Exercise objective:
Could you write out, exactly as they stand, only the lines in the listing below from the line with "Montreal Impact's Harry" to the line with "size, and spacing.", both ends included, without the pictures?

Data:
Start of Block
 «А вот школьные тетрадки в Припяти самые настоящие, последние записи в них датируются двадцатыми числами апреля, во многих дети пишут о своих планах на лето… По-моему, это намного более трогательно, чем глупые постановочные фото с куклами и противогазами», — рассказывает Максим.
End of Block
Start of Block
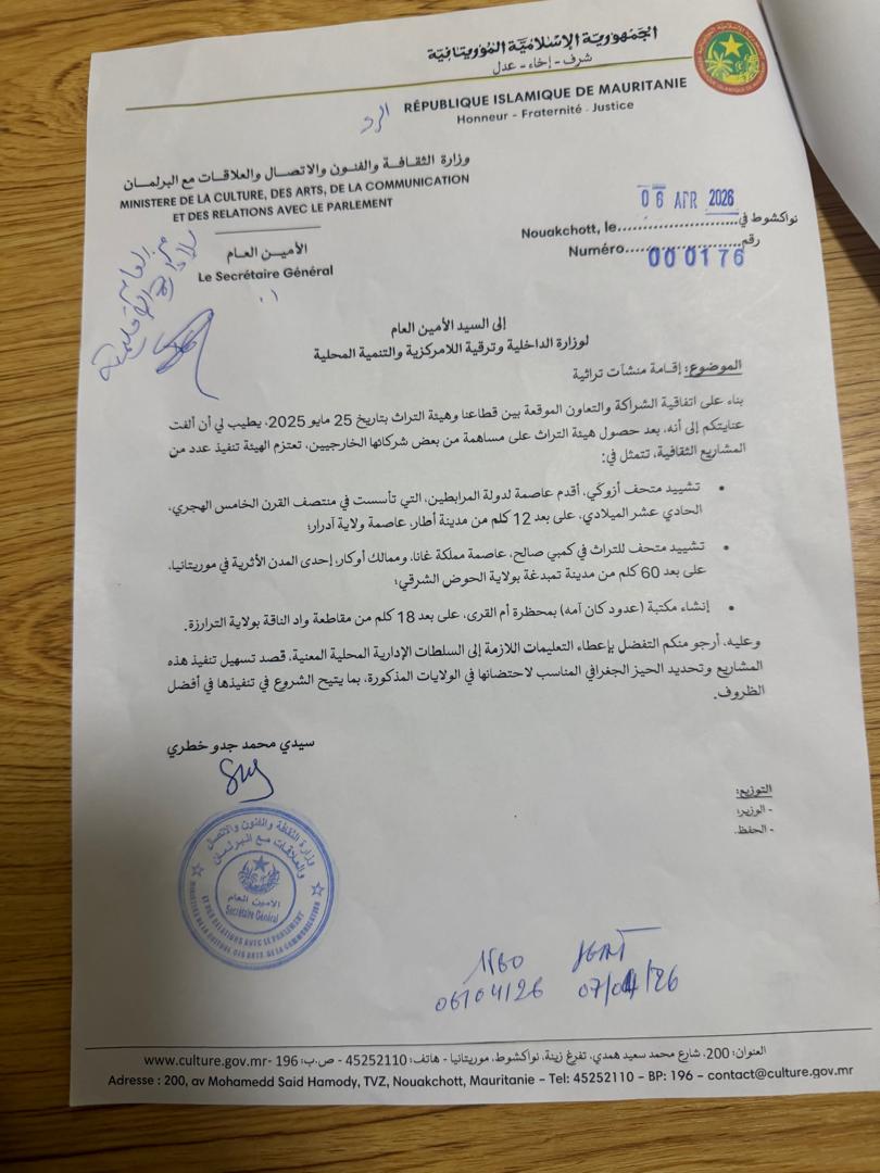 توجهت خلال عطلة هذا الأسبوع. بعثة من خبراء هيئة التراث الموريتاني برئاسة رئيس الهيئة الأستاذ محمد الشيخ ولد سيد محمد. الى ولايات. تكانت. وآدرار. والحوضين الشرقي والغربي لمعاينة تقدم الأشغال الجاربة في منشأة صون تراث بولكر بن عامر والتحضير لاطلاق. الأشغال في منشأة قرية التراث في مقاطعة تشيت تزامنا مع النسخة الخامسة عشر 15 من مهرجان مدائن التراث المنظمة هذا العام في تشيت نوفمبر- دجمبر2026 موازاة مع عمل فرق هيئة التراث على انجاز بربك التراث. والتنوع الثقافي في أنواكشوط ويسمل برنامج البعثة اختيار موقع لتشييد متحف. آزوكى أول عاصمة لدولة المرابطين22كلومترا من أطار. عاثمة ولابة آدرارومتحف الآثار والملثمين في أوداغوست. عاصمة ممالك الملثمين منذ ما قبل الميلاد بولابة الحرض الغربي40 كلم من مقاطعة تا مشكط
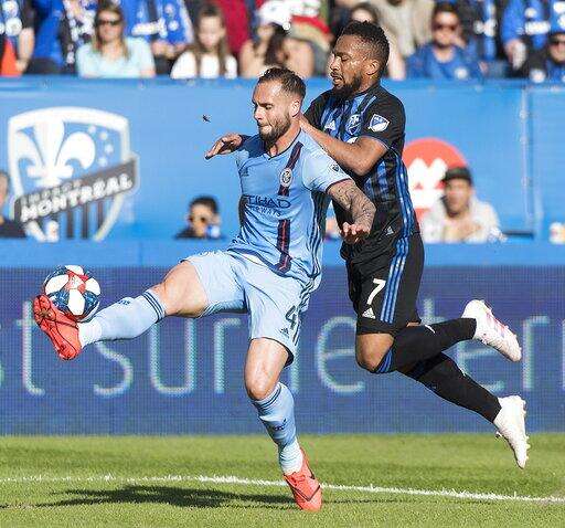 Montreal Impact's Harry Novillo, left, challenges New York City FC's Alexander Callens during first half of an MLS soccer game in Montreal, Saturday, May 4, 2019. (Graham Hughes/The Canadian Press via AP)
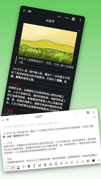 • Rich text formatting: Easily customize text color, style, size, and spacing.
End of Block
Solution to this exercise:
 Montreal Impact's Harry Novillo, left, challenges New York City FC's Alexander Callens during first half of an MLS soccer game in Montreal, Saturday, May 4, 2019. (Graham Hughes/The Canadian Press via AP)
 • Rich text formatting: Easily customize text color, style, size, and spacing.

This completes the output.